From the records below, print only the part that opens with the line containing "As Stewart Evans" and closes with the line containing "座谈会后,石树梅等调研组成员"; omit the pictures.
#### Input material ####
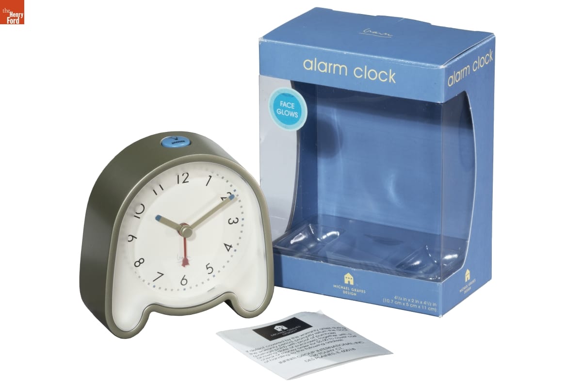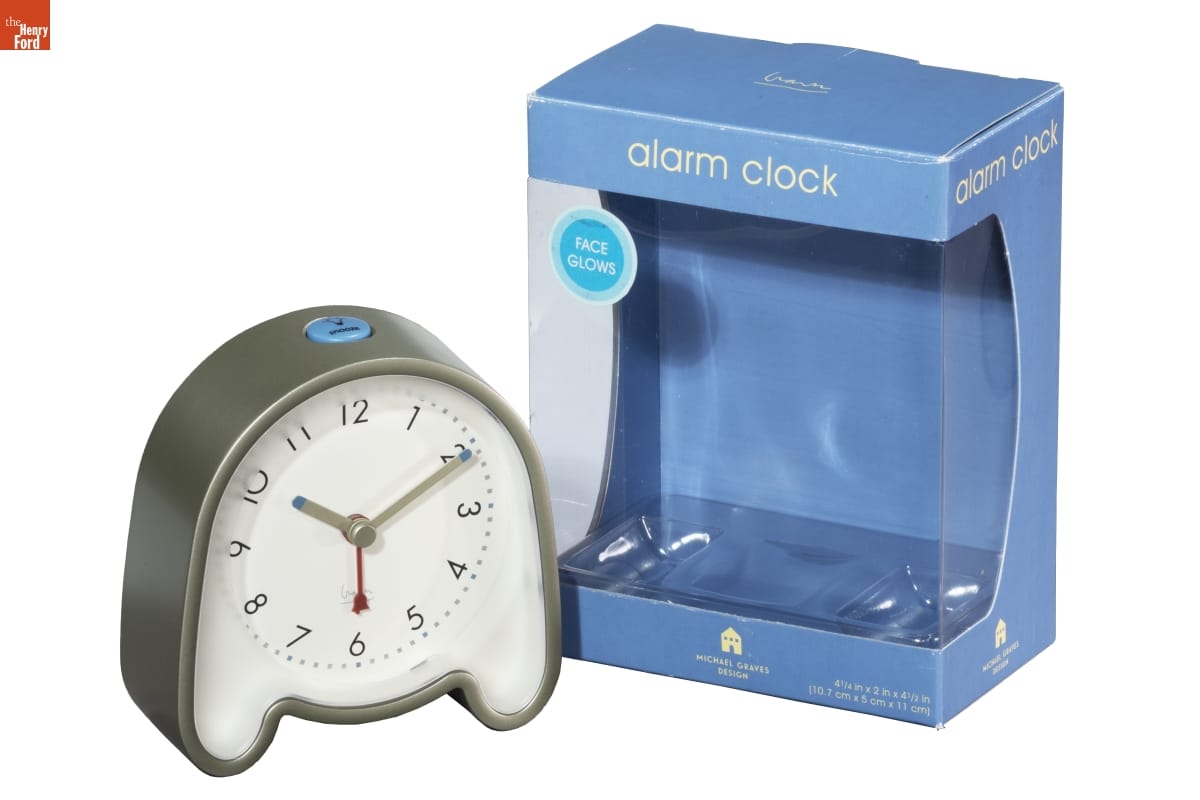 alarm clock / FACE / GLOWS / MICHAEL GRAVES / DESIGN / 4 1/4 in x 2 in x 4 1/2 in / (10.7 cm x 5 cm x 11 cm)
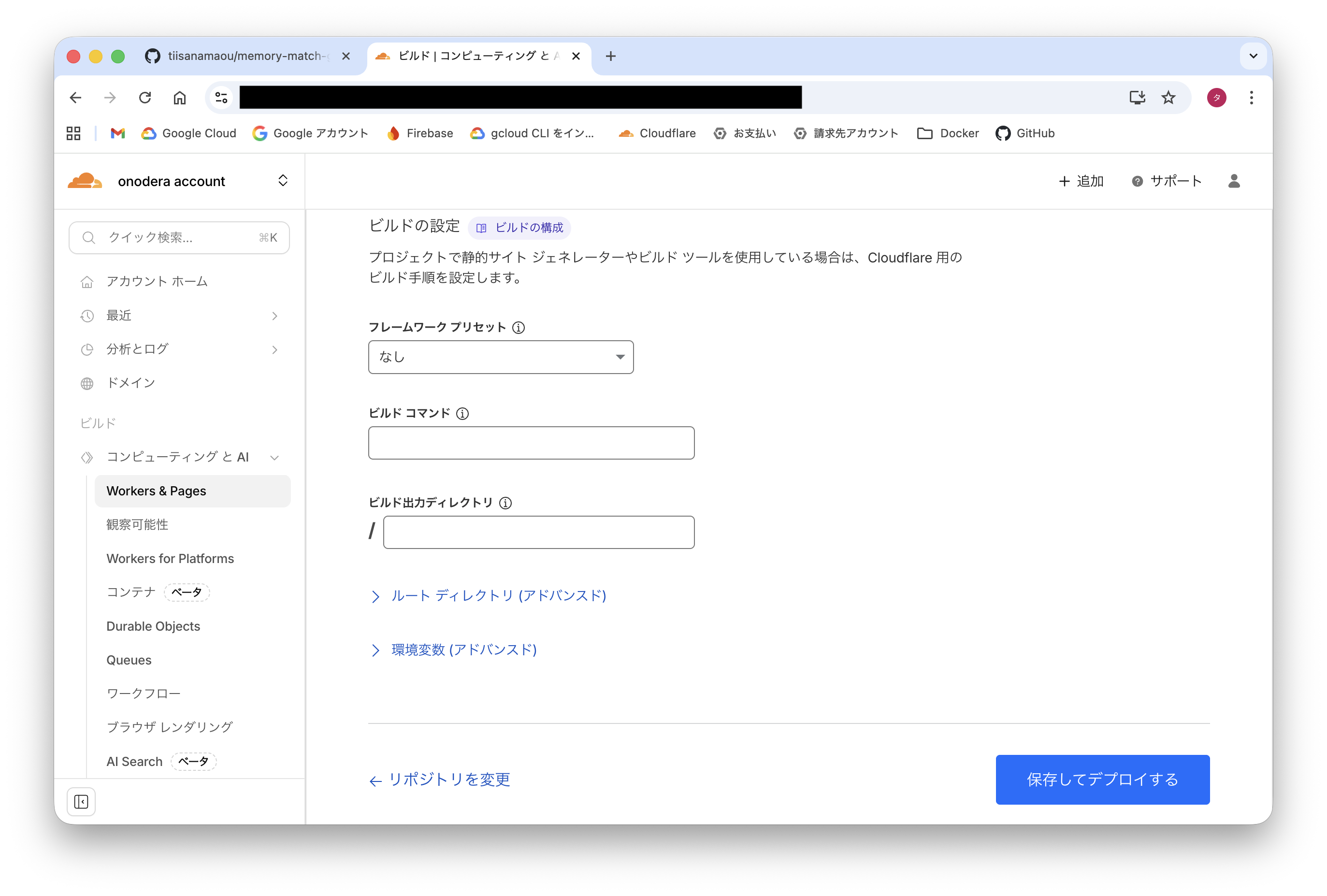 下の方のビルドの設定は、今回はHTML等のファイルを直接リポジトリにプッシュしているので特に設定しません
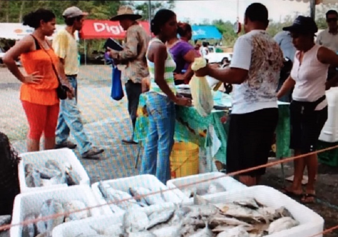 Una decena de hombres y mujeres participan en actividades económicas realizadas en el muelle La Azucarera del Puerto Pedregal, con el inicio de este evento que se desarrollará hasta el próximo domingo 17 de abril.
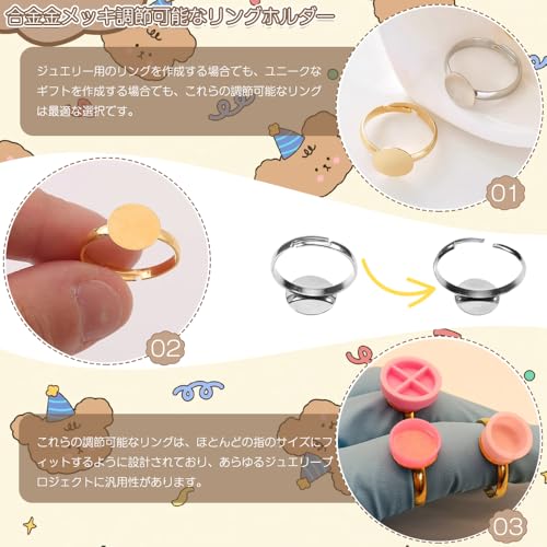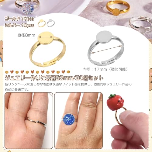 セット内容:調整可能な空のリングホルダー20個セット(ゴールド 10本+シルバー 10本);台座直径:8mm;内径:17mm(調節可能);材質:合金金メッキ;無限の組み合わせの可能性で、あなただけの個性的なデザインを作りましょう。
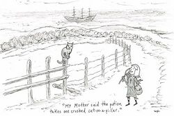 The Goodbye family consisted of undertakers Otis and Pyridine, their daughter Orphie and her pet tarantula Dorian. Orphie was first seen atop the Notre Dame Cathedral with gargoyles, Otis was trying to board a train at customs with a shrunken head, Pyridine was sewing a limb back together in Cardiff, and Dorian was capturing a fairy to eat. Following these illustrations, a cat Ouiji was unveiled and Orphie is said to have a brother named Kepla, but he is hardly ever seen and it is unclear if he even exists."[26]
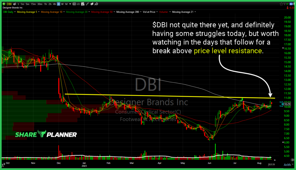 $DBI not quite there yet, and definitely having some struggles today, but worth watching in the days that follow for a break above price level resistance.
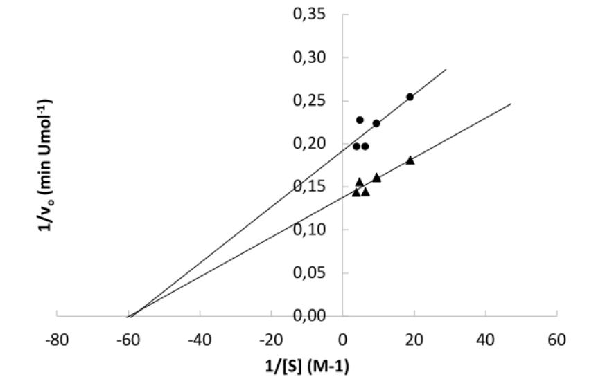 圖2. 不存在氧化石墨烯(三角形)和存在25 ppm氧化石墨烯(圓圈)時的Lineweaver-Burk圖。直線對應于線性擬合。
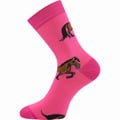 Ponožky HORSIK jsou dětské (dívčí) obrázkové ponožky s motivem koníků a podkoviček. Barevné ponožky jsou v klasické výšce, příjemné a bavlněné. Holčičí ponožky mají nestahující lem a řetízkovanou špici, co netlačí a nedělá puchýře. Ponožky pro malé parádnice v krásných barvách v mixu balení s 2 páry.
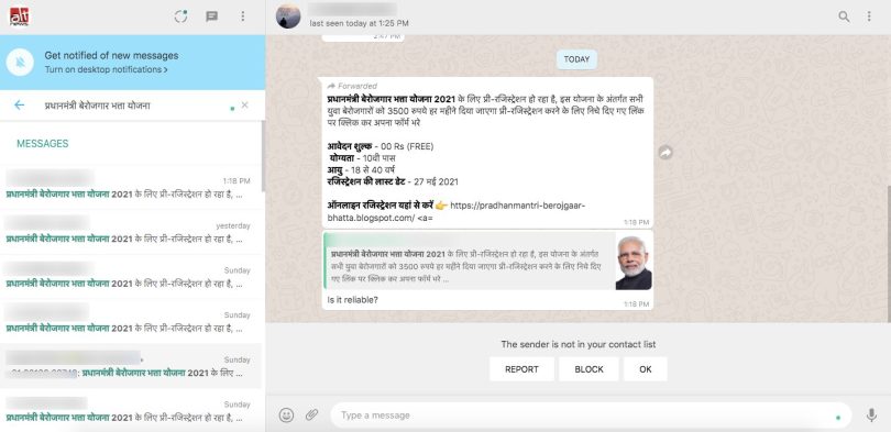 A viral claim circulating on social media and messaging application WhatsApp suggests that unemployed youth will be given a monthly sum of Rs 3,500 under the Pradhan Mantri Berozgari Bhatta Yojna (Unemployment Allowance Scheme) 2021. The message includes a pre-registration link for those wishing to sign up.
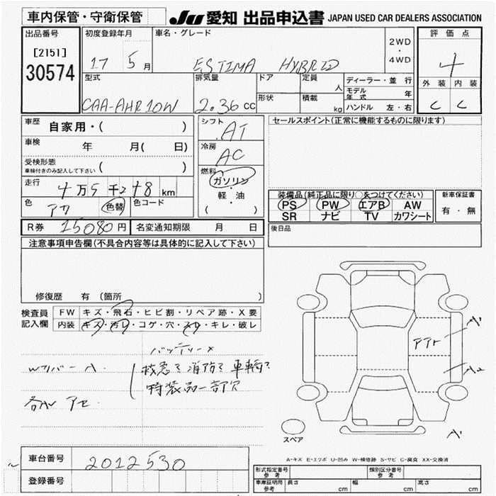 TOYOTA ESTIMA HYBRID 2005 г., лот № 30574
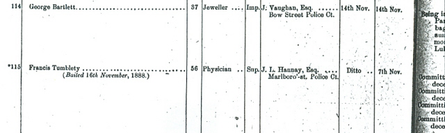 As Stewart Evans contended, the procedure was to have a warrant issued and to have the person rearrested on the same charges prior to the hearing. The police magistrate’s court issued the warrant for Tumblety on November 14th. Tumblety was to return to the police station on that day and surrender his police bail. He would have then been held until the hearing on November 16th. At the hearing, the magistrate found that there was sufficient evidence to prosecute and set a trial date at the Queen’s Bench. At the same time, Tumblety was granted bail on the warrant by which he was arrested.
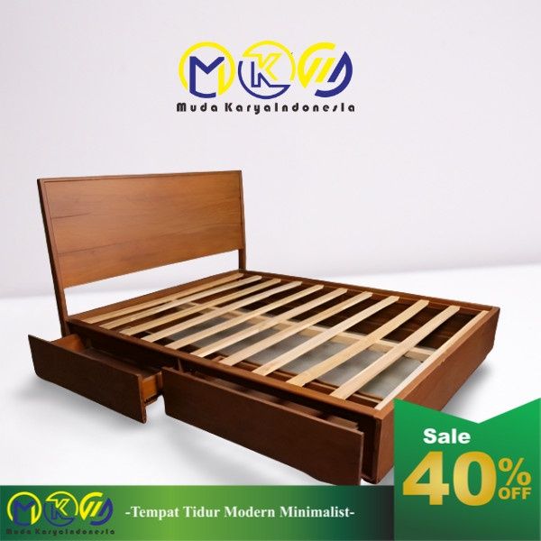 Tempat Tidur Minimalis Laci Kayu Jati Dipan Sandaran Laci
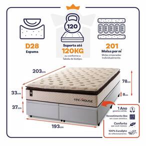 O Colchão Quartzo é feito com os mais nobres materiais em sua composição, ele conta com espuma D28 e molas ensacadas. Por ser mais macio, o colchão de molas ensacadas individualmente traz benefícios e ajuda no alinhamento da coluna. O colchão King House acomoda melhor o contorno do corpo, dispondo de forma correta quadris e ombros, expulsando as dores e problemas de coluna.
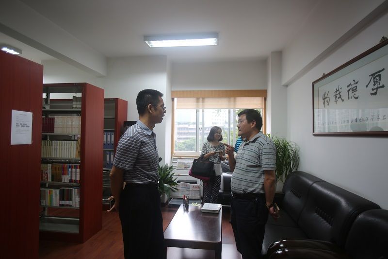 座谈会后,石树梅等调研组成员走访了民进省委会机关,参观了省委会机关档案室及省图书馆民进分馆。
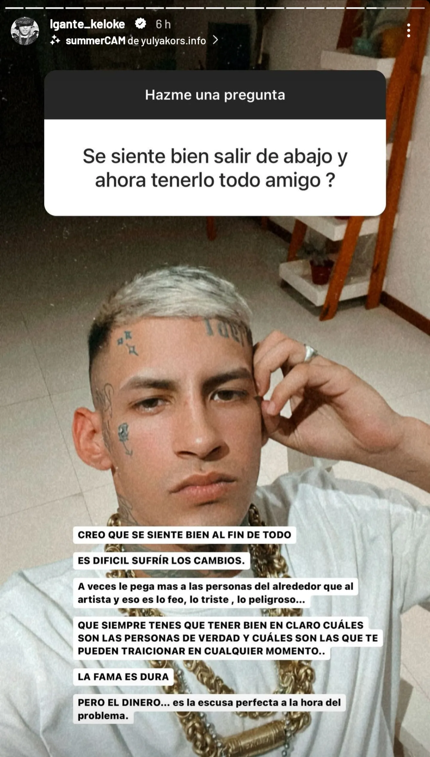 Desde que L-Gante ganó mayor reconocimiento por sus canciones, su vida cambió totalmente y se empezó a involucrar en diferentes conflictos tanto personales como mediáticos. El cantante es consciente de eso y remarcó que “es difícil sufrir los cambios”. Sin embargo, para él, “el dinero es la excusa perfecta a la hora del problema”.
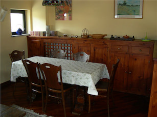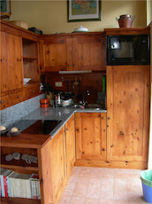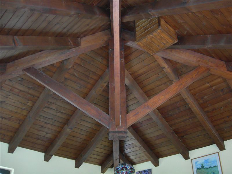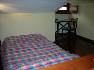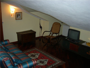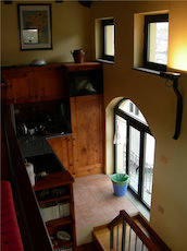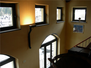 A comfortable staircase connects the two floors, with a small but well-equipped cooking area at mid-level, lit by large arched windows; the living room and the dining room are located in the impressive tower, characterized by a gorgeous exposed-beam ceiling; the view from the 12 small windows extends in all directions.
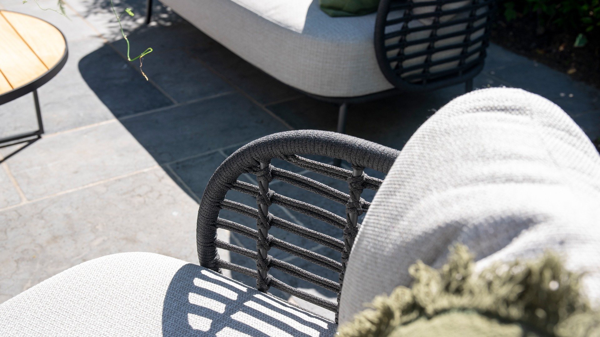 This beautiful material is perfect for outdoor use, because 4SO Rope is not just an shoelace. Our round wires have a synthetic core. This polypropylene base ensures minimal stretching of the rope and also does not absorb moisture. The covering is made of an acrylic fabric, similar to the weather-resistant fabric of our garden cushions. This covering feels soft but is highly water-repellent, UV-resistant, and colorfast. The flat rope variants have the same mix of weather-resistant materials, but the polypropylene material is interwoven with the acrylic fabric. This technique gives the flat rope the same properties but a completely different look. The stretch is minimal, and 4 Seasons Outdoor garden furniture with Rope is suitable for people weighing up to 110 kg. It's therefore an exceptionally strong material, but it's important to be careful with sharp objects. Our  Rope is weather-resistant, but a sharp object can seriously damage your garden furniture. We offer exclusive designs using hand-woven Rope patterns and techniques.
####
### Solution
 As Stewart Evans contended, the procedure was to have a warrant issued and to have the person rearrested on the same charges prior to the hearing. The police magistrate’s court issued the warrant for Tumblety on November 14th. Tumblety was to return to the police station on that day and surrender his police bail. He would have then been held until the hearing on November 16th. At the hearing, the magistrate found that there was sufficient evidence to prosecute and set a trial date at the Queen’s Bench. At the same time, Tumblety was granted bail on the warrant by which he was arrested.
 Tempat Tidur Minimalis Laci Kayu Jati Dipan Sandaran Laci
 O Colchão Quartzo é feito com os mais nobres materiais em sua composição, ele conta com espuma D28 e molas ensacadas. Por ser mais macio, o colchão de molas ensacadas individualmente traz benefícios e ajuda no alinhamento da coluna. O colchão King House acomoda melhor o contorno do corpo, dispondo de forma correta quadris e ombros, expulsando as dores e problemas de coluna.
 座谈会后,石树梅等调研组成员走访了民进省委会机关,参观了省委会机关档案室及省图书馆民进分馆。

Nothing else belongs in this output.